• **DATASET**

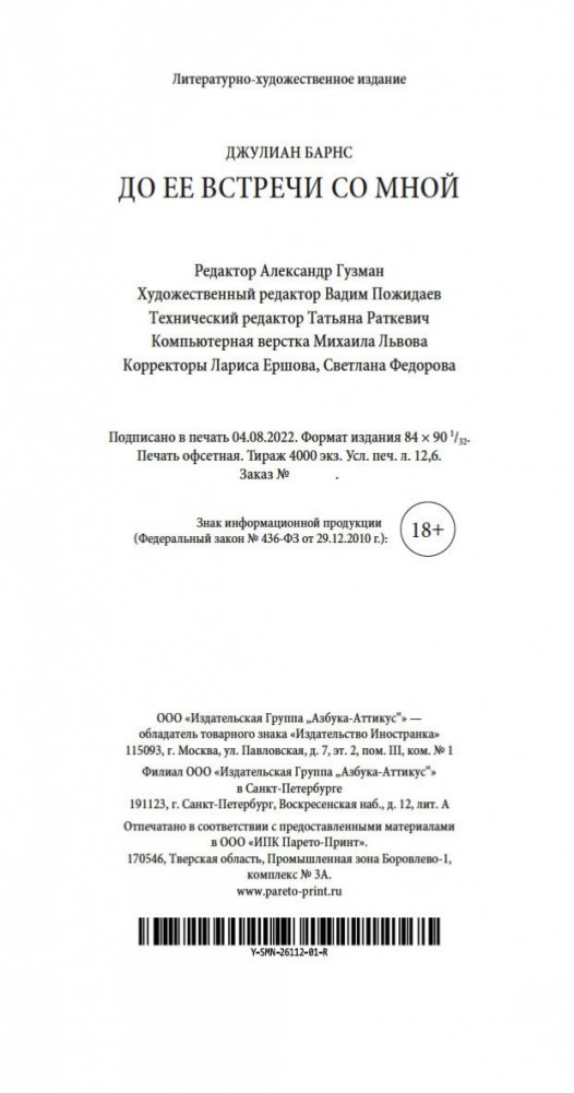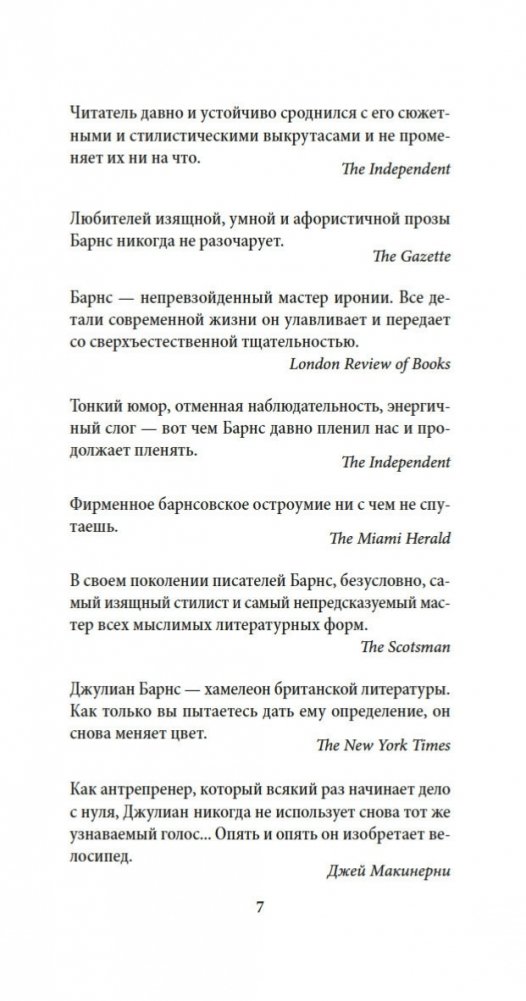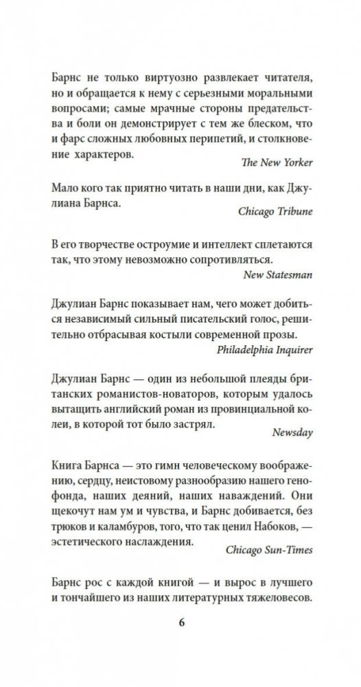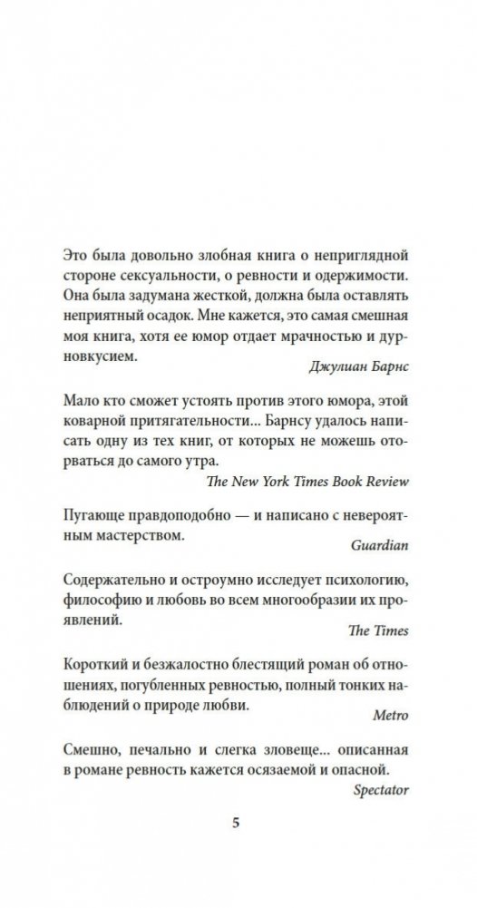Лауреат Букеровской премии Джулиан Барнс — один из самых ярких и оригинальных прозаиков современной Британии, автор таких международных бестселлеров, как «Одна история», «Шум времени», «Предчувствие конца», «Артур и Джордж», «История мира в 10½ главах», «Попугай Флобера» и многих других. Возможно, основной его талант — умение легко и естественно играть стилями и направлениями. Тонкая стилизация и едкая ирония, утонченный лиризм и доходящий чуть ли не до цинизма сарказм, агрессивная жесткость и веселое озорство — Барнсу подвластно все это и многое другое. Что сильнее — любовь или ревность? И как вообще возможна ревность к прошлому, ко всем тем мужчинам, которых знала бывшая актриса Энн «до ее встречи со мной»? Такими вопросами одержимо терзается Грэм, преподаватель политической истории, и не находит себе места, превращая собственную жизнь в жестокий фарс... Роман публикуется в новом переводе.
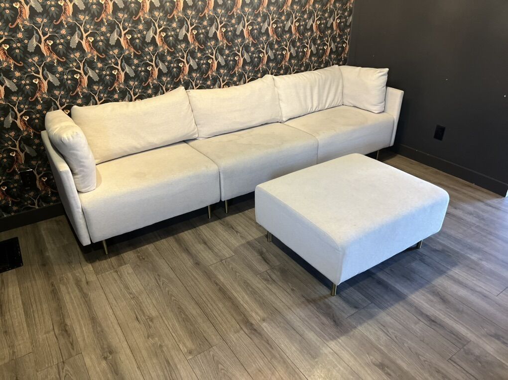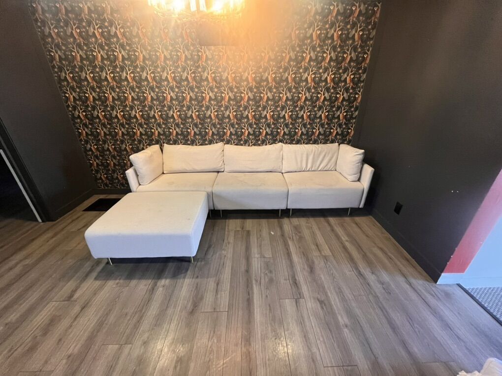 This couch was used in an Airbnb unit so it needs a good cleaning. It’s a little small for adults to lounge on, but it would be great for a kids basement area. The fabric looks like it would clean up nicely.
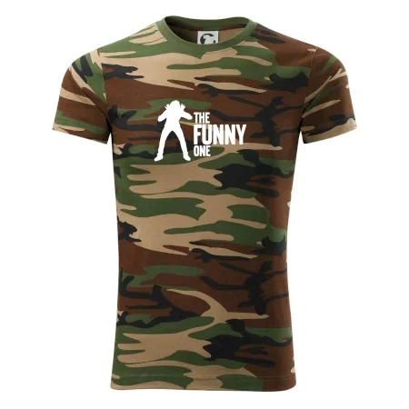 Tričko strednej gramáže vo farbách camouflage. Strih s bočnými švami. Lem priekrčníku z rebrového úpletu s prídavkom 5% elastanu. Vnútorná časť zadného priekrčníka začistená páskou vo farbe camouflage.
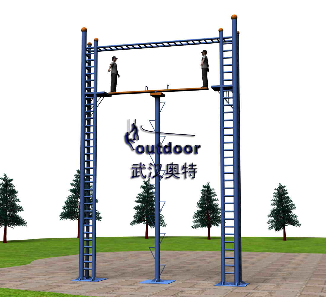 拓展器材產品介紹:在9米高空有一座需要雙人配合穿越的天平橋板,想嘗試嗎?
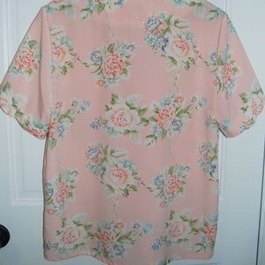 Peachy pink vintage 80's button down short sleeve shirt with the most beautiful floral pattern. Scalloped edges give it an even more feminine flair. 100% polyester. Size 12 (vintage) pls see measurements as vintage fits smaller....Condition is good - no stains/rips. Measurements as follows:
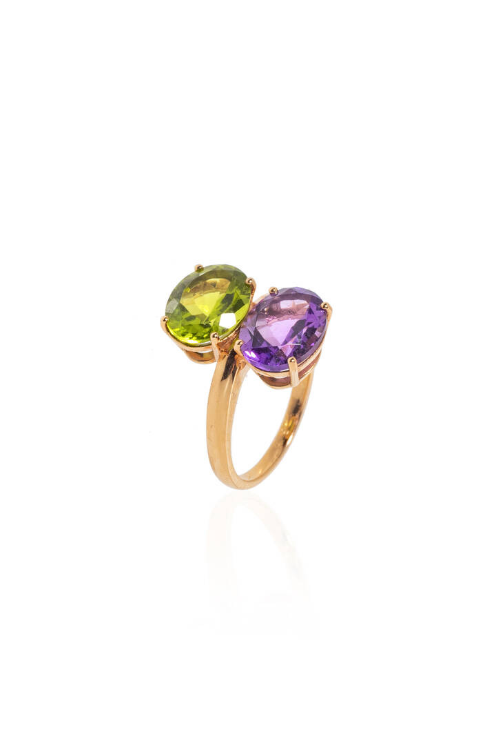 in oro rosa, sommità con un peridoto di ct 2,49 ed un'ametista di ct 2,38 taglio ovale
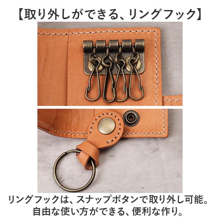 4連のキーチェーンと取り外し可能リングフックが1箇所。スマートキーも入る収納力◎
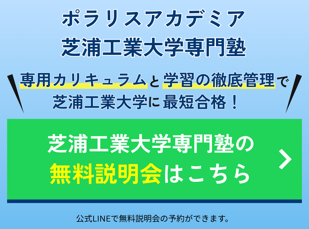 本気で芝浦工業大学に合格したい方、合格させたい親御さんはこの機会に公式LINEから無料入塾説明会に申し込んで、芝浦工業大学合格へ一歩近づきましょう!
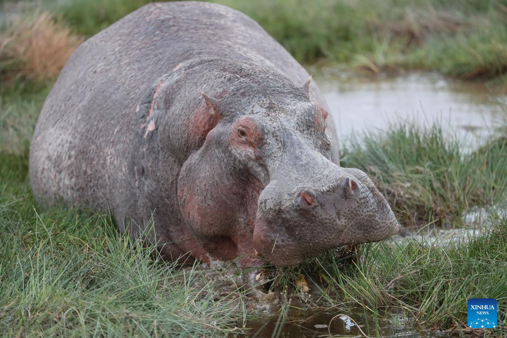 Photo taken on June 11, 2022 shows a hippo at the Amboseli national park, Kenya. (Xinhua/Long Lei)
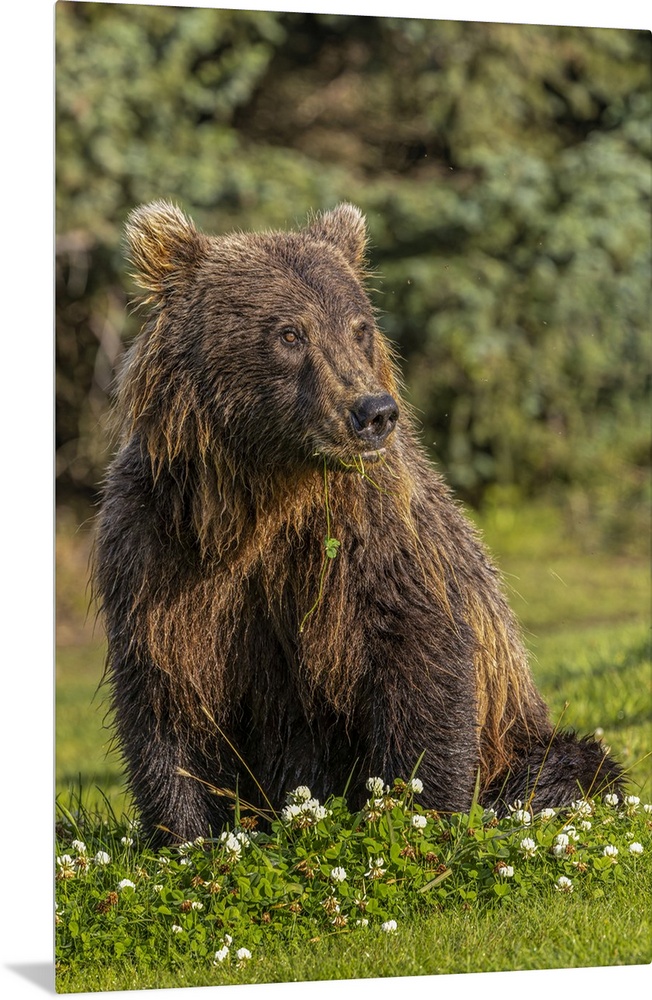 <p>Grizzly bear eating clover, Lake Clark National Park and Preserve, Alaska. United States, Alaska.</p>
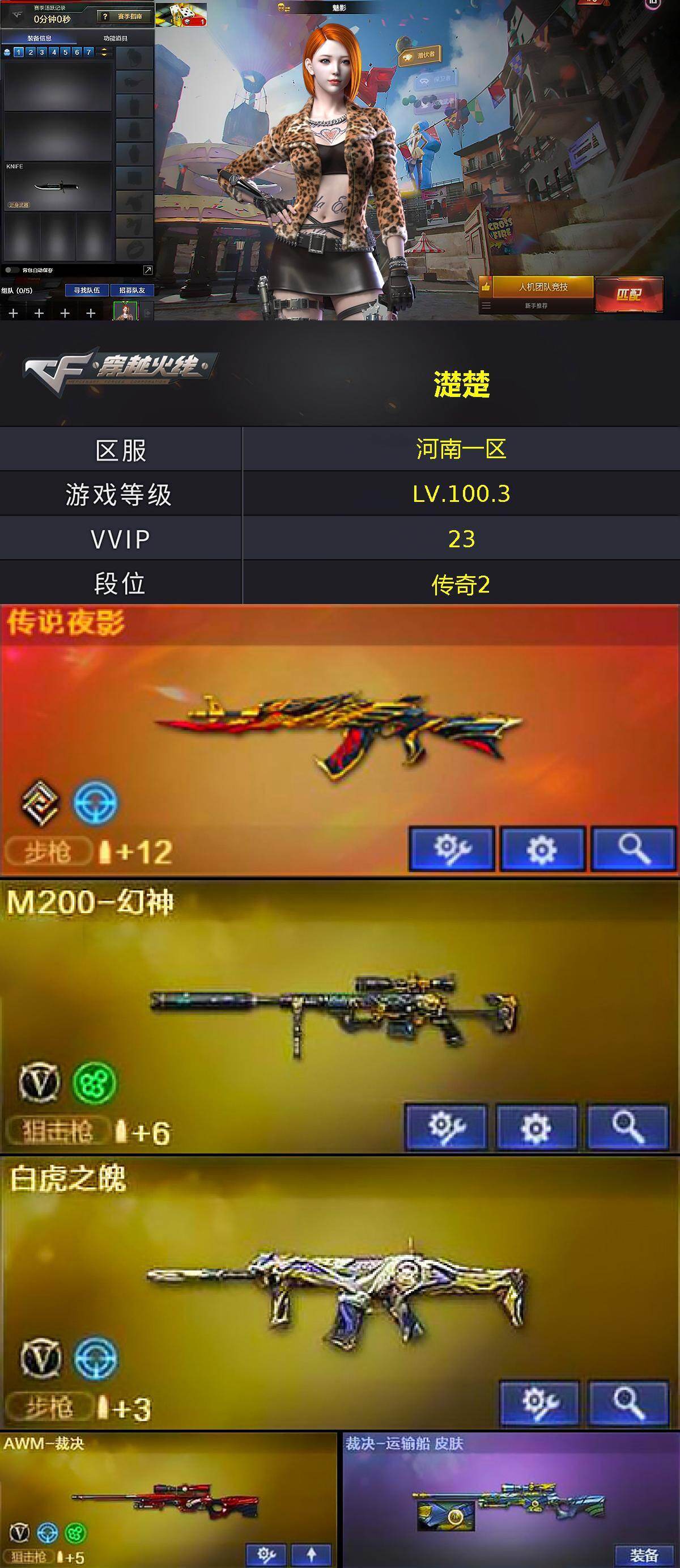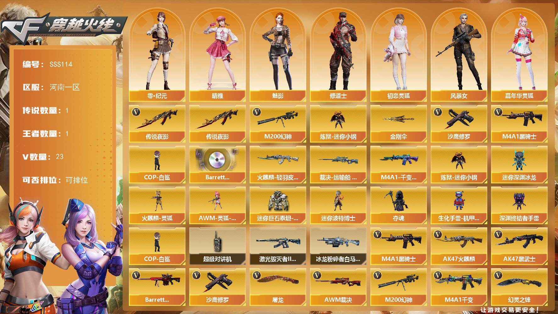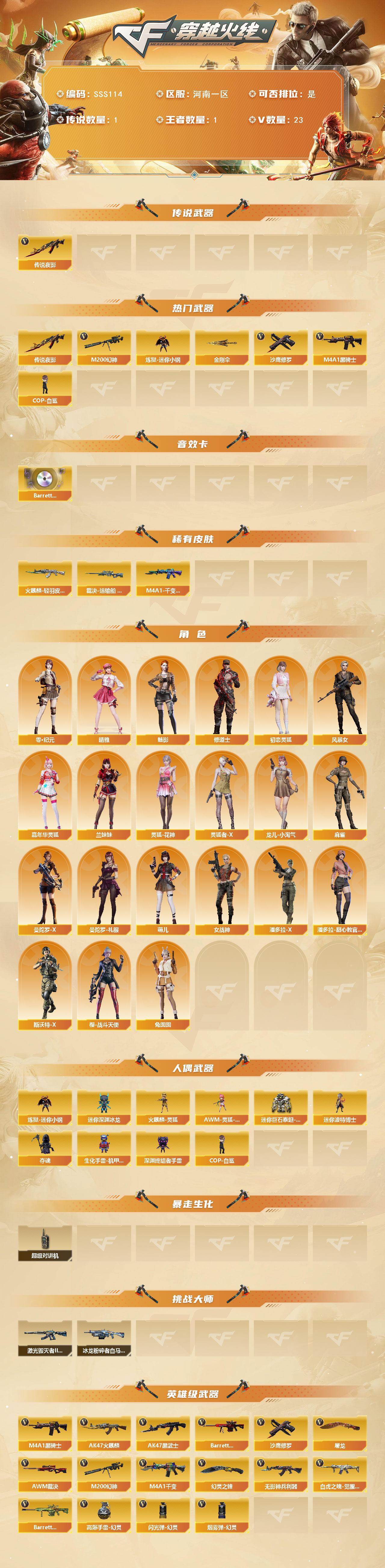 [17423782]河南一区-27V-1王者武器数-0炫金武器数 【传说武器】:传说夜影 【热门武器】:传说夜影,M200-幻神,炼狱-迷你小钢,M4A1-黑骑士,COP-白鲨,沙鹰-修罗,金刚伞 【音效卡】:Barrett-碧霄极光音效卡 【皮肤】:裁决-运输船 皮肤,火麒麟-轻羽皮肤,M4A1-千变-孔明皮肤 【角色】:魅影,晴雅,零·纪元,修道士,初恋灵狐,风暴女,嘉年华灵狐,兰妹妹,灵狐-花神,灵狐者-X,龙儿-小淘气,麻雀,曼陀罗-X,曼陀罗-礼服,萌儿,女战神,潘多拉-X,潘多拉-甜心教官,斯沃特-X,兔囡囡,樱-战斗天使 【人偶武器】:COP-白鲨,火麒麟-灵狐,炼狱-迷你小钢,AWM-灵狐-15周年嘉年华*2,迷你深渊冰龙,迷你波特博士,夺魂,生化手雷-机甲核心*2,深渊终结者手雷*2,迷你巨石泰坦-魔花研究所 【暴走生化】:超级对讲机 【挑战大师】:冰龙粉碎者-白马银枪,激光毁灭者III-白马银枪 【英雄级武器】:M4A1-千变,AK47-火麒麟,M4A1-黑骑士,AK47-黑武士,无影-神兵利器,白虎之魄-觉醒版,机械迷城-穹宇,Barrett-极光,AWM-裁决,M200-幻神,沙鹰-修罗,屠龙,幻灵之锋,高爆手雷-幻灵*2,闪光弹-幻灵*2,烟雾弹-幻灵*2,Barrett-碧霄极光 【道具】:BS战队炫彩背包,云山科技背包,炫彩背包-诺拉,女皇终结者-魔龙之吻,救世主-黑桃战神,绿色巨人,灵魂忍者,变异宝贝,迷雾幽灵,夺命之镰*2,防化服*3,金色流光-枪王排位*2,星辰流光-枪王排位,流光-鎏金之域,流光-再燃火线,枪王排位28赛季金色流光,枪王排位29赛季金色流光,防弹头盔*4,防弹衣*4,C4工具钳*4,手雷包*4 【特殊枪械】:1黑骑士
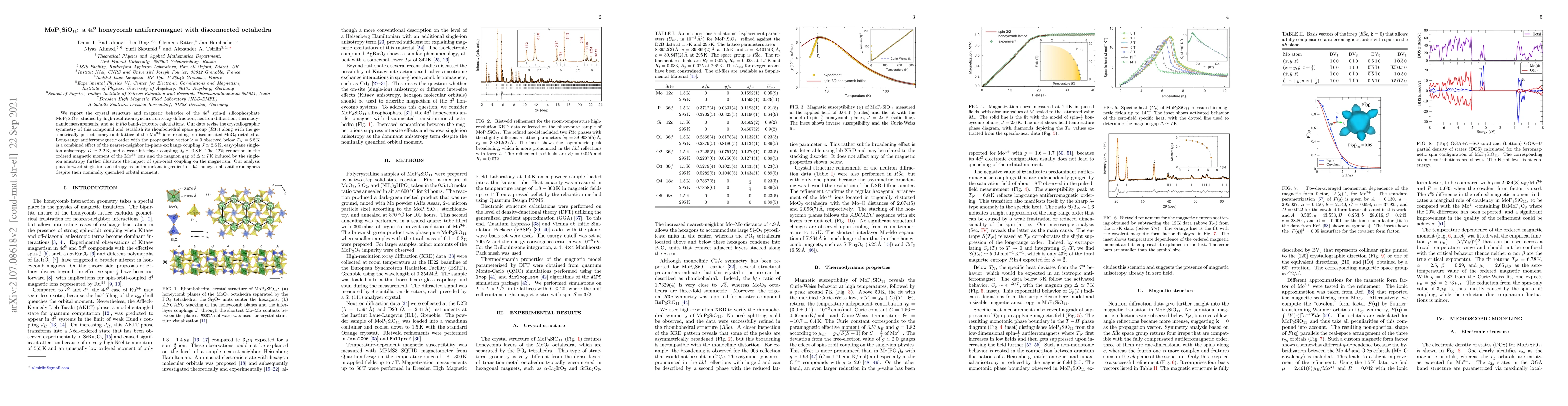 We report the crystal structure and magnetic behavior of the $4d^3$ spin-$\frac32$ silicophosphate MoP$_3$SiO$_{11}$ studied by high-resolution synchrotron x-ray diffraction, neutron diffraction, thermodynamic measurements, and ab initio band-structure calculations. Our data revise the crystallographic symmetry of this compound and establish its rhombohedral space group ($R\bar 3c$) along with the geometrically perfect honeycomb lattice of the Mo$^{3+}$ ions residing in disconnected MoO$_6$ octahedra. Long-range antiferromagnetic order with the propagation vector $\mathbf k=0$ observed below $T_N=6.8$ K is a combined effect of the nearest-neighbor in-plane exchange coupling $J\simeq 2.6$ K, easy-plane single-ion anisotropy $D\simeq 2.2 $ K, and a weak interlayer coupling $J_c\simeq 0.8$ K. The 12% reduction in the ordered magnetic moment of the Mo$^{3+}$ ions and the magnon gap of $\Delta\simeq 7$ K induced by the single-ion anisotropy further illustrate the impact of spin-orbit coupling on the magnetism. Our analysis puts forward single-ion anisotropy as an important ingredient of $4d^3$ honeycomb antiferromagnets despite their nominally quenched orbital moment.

• **TASK TO CARRY OUT**
Please output, exactly as written, the lines above from the one holding "in oro rosa, sommità" through the one holding "Photo taken on", both included, with the pictures omitted.

• **ANSWER TO THE EXERCISE**
 in oro rosa, sommità con un peridoto di ct 2,49 ed un'ametista di ct 2,38 taglio ovale
 4連のキーチェーンと取り外し可能リングフックが1箇所。スマートキーも入る収納力◎
 本気で芝浦工業大学に合格したい方、合格させたい親御さんはこの機会に公式LINEから無料入塾説明会に申し込んで、芝浦工業大学合格へ一歩近づきましょう!
 Photo taken on June 11, 2022 shows a hippo at the Amboseli national park, Kenya. (Xinhua/Long Lei)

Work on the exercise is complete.